Set every line of the data down again exactly, and keep the pictures out.

• RAW DATA
....................
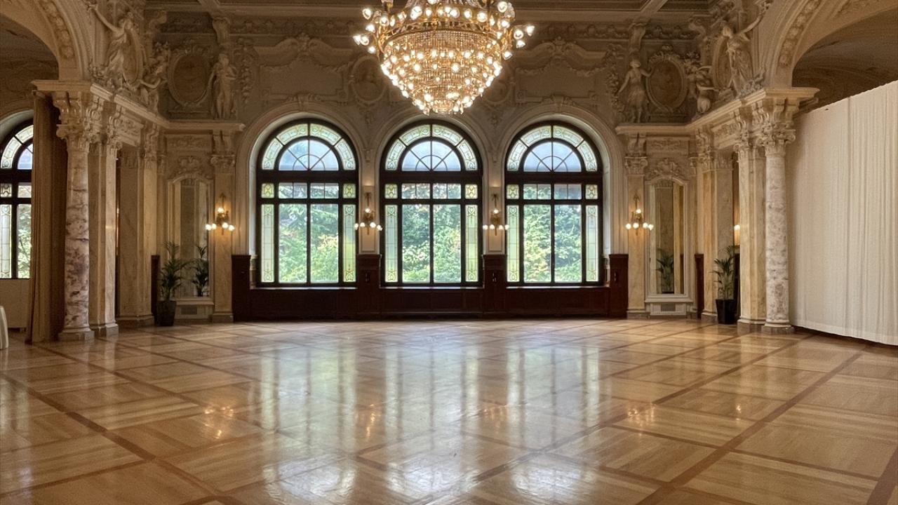 Salonun duvarlarında freskler, tavanında cam vitraylar, orta bölümünde ise büyük bir avize yer alıyor. Baş köşedeki bölümde devasa ayna ile orta bölümünde büyük pencereler bulunuyor. Tarihi yapısı muhafaza edilen salonda, zaman zaman bazı toplantı ve etkinlikler gerçekleştiriliyor.
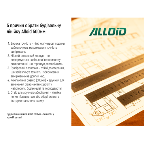 Будівельна лінійка Alloid 500 мм — точність і надійність для вашої роботи
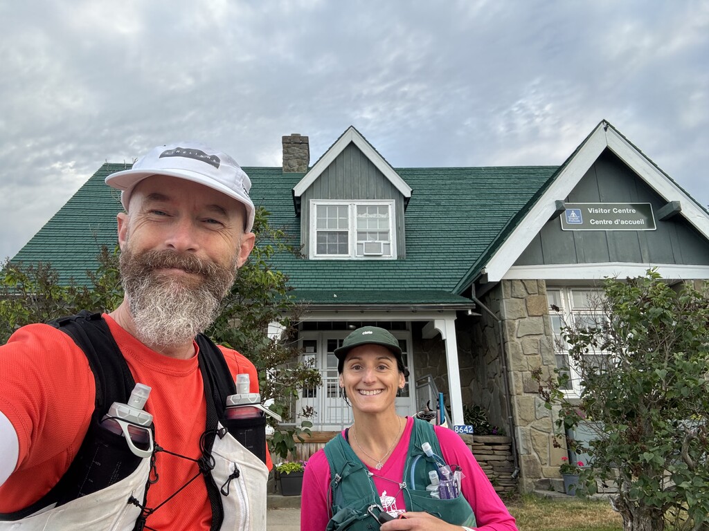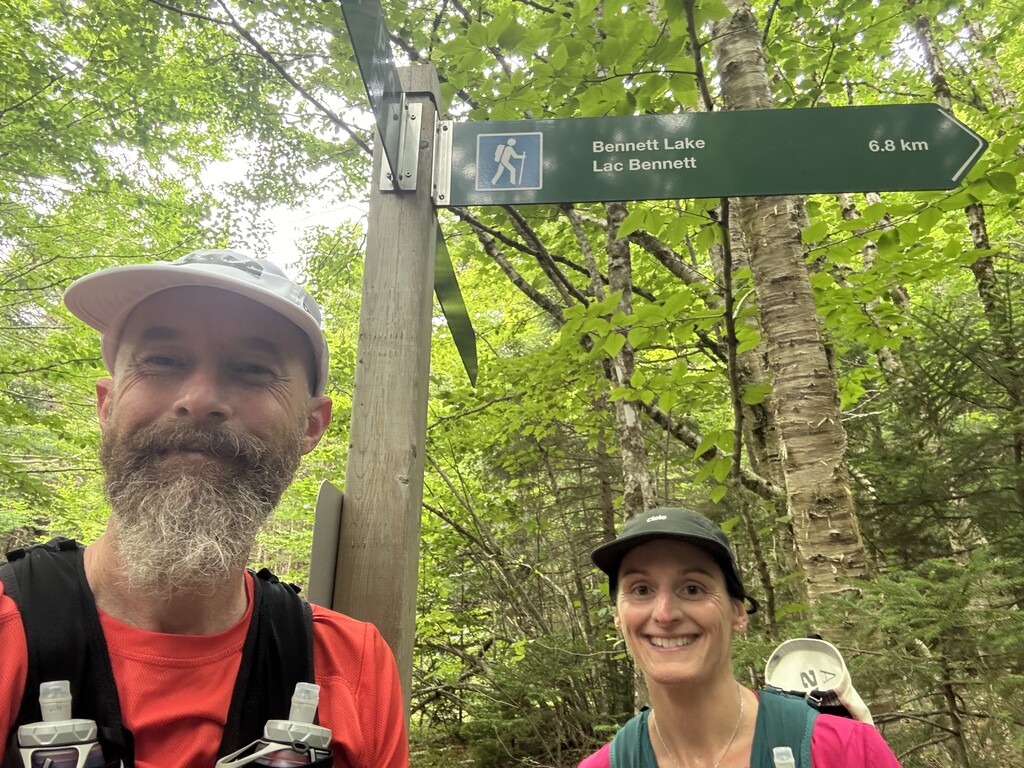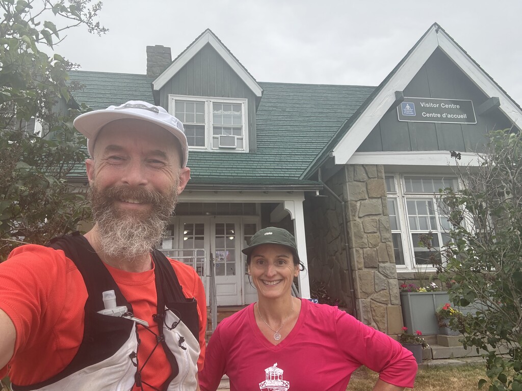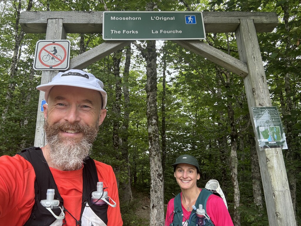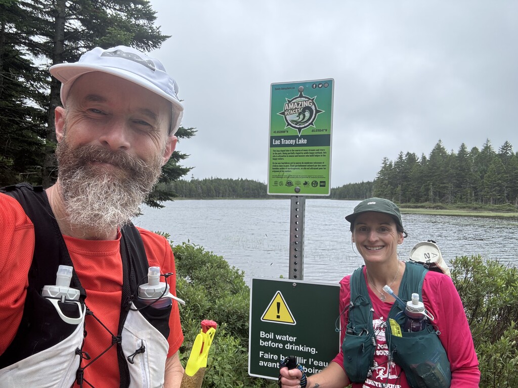 On July 20th, 2025 Nicole Leger and I (Mark Hemmings) attempted the Mixed Gender Team FKT for the Fundy Circuit. The Fundy Circuit can be described as a loop that almost tracks with the outer perimeter of Fundy National Park, in New Brunswick, Canada. Our attempt was run clockwise, starting and ending at the Headquarters building. We started our run at 6:38am to hopefully end the run prior to the afternoon rain showers that were forecasted. It was a mostly overcast day and about 14 to 19 degrees celsius, and very humid. The water was really low so it was possible to stay dry at all river and stream crossings by skipping on rocks and boulders. We always had enough streams and creeks however to fill up two 500ml Salomon XA filtered flasks. We packed 8 hours worth of nutrition in our vests. Highlights were a very large moose that ran past us on the trail, seeing unexpected friends hiking on the trail, and a cool headwind on the last 1/3 of the trail coming from the Bay of Fundy. The actual distance of the Circuit is hard to assess, as Fundy National Park says that it is 50km, however our Apple Watch, Garmin Fenix’s and Garmin inReach all stated a few km’s shorter. Most likely Fundy Park counts some non-Circuit side trails such as Marven Lake which may up the km’s to 50. Our GPX file from Apple Watch states 48.31km but one of our Garmin devices was as low as just under 47km.
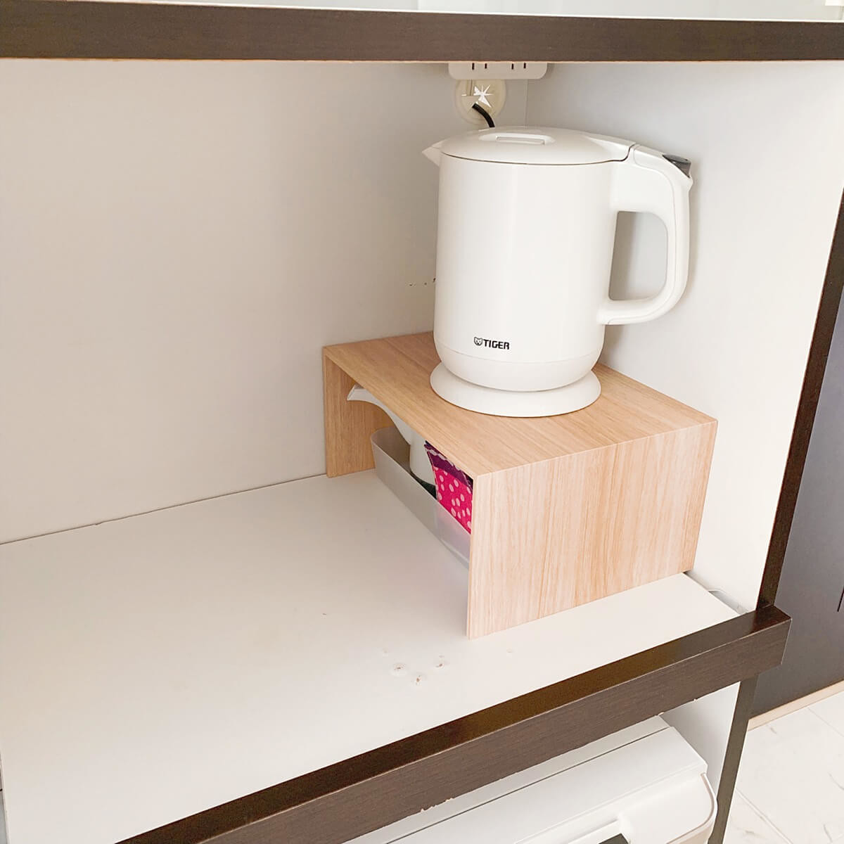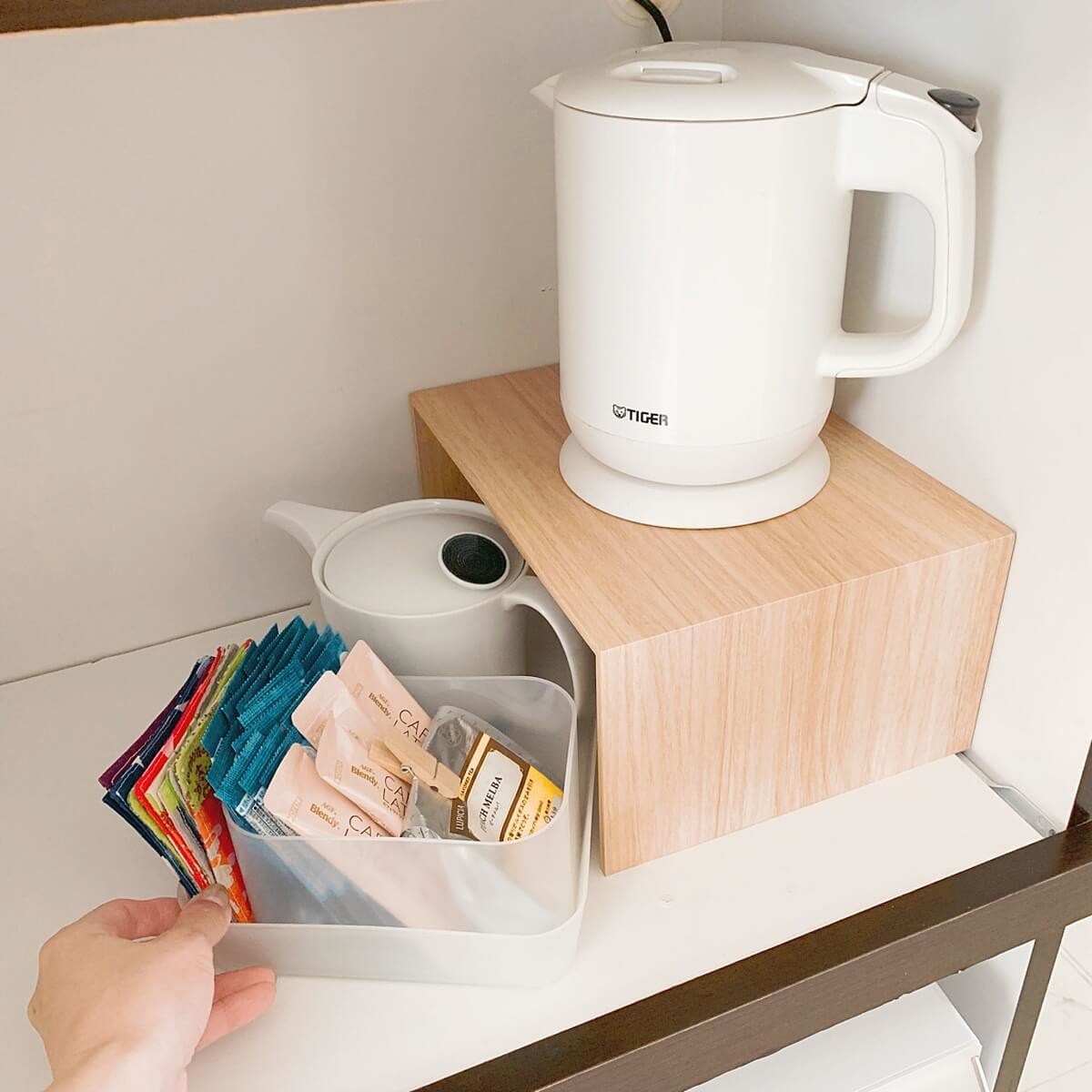 上段には電気ケトル、下段にインスタント珈琲やポットのセットを置いて空間を有効利用できます。
....................
• OUTPUT
 Salonun duvarlarında freskler, tavanında cam vitraylar, orta bölümünde ise büyük bir avize yer alıyor. Baş köşedeki bölümde devasa ayna ile orta bölümünde büyük pencereler bulunuyor. Tarihi yapısı muhafaza edilen salonda, zaman zaman bazı toplantı ve etkinlikler gerçekleştiriliyor.
 Будівельна лінійка Alloid 500 мм — точність і надійність для вашої роботи
 On July 20th, 2025 Nicole Leger and I (Mark Hemmings) attempted the Mixed Gender Team FKT for the Fundy Circuit. The Fundy Circuit can be described as a loop that almost tracks with the outer perimeter of Fundy National Park, in New Brunswick, Canada. Our attempt was run clockwise, starting and ending at the Headquarters building. We started our run at 6:38am to hopefully end the run prior to the afternoon rain showers that were forecasted. It was a mostly overcast day and about 14 to 19 degrees celsius, and very humid. The water was really low so it was possible to stay dry at all river and stream crossings by skipping on rocks and boulders. We always had enough streams and creeks however to fill up two 500ml Salomon XA filtered flasks. We packed 8 hours worth of nutrition in our vests. Highlights were a very large moose that ran past us on the trail, seeing unexpected friends hiking on the trail, and a cool headwind on the last 1/3 of the trail coming from the Bay of Fundy. The actual distance of the Circuit is hard to assess, as Fundy National Park says that it is 50km, however our Apple Watch, Garmin Fenix’s and Garmin inReach all stated a few km’s shorter. Most likely Fundy Park counts some non-Circuit side trails such as Marven Lake which may up the km’s to 50. Our GPX file from Apple Watch states 48.31km but one of our Garmin devices was as low as just under 47km.
 上段には電気ケトル、下段にインスタント珈琲やポットのセットを置いて空間を有効利用できます。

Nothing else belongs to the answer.